Would you like to sample Desire, ma’am? to an elderly women dressed in bright purple. Bright purple birds nested in gray waves. What’s that you say, dear? It’s so loud in here I can’t hear a thing. She comes up close to Ruth, who repeats herself. No thank you dear, I’m afraid that’s a bit too young for me. Again, that pleasant mask. Ruth resists the urge to grab her arm and press into those spots like bad fruit.

 

A gaggle of London teenage girls, saucily slung things, delicate limbs belted here, flowing there, stomp up to Ruth. Reeking of youth. Can we have some? they demand. She sprays five sticks for them. They gather around the lead girl to smell hers and receive her validation, which comes after a thorough sniff. S’all right. The girls trot away, waving their sticks under their noses.

 

The girls slinking up the aisles have a rehearsed quality to them, their purses positioned just so on their shoulders, their eyes downcast yet somehow watchful. They cannot escape this self-awareness. They are playing the role of young girls, girls younger than Ruth. Ruth looks at them and feels old.

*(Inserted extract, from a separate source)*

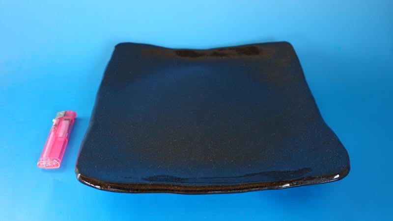 - 黒釉 角皿 ステーキ皿 共箱 勘之 盛皿 26cm×26cm 黒薩摩

I look at all of them and feel ancient. (When did I grow old? When did I learn to survey the world through clear eyes?)

 

A booming voice. Good morning. One of the haughty Horrids heads. Ruth jumps a little. Deer caught in headlights. Good morning, sir, she articulates carefully. The voice comes out little girl’s. Her accent makes her appear even more childlike and faltering, her hesitation to say things the way they say them, as they train you to do by failing to understand you otherwise.

 

She is Eliza Doolittle: Good afternoon, good evening, fare-thee-well. Good morning, good evening, how-do-you-do.

 

A bit late today, were we? He harrumphs. He always wore one of a series of expensive suits that stretched over his large belly. One of her colleagues, a German girl named Natalie, usually signaled his arrival by miming a pregnant woman with one hand stroke. He would be just starting his third trimester. He liked to perform his morning tours around the departments, straightening a perfume bottle here, a purse there, fanning out a wave of managerial intimidation.

 

Sorry, Ruth murmurs. She is not really there. Not really there. Best to go blank, to retreat inside. Just be sure to see our un-time-li-ness does not occur again, he hmm, hmm, harrumphs, hand on protruding stomach.

 

Yes—is all that Ruth is able to squeak out before he cuts her off.

 

And how are our customers enjoying Desire? In the hierarchy of the fragrance department, Ruth is assigned to the lowest caste, that of the celebrity perfume. She is supposed to shill this perfume by an American teenage pop star with the name that makes Ruth feel a bit demoralized every time she says it. The scent is a waft of innocuous rose, housed in an ornate pink ornament laced with silver and crowned with a pastel-purple tassel. She is supposed to hold it like a chalice delivering holy water to the masses.

 

They like it, I believe, she responds hesitantly. Sir.

 

He frowns, his face a placid lake that occasionally ripples in disgust. Maybe we need to mix it up a bit he hmms. Mix it up a bit? Ruth repeats. Yes, try a bit of variation in our language. Ruth does not say anything, playing with the purple tassel on the perfume bottle. He frowns again. He thinks I’m an idiot. He thinks I’m a blonde, American idiot. She mentally steels the tears from her eyes, willing her humiliation into hate.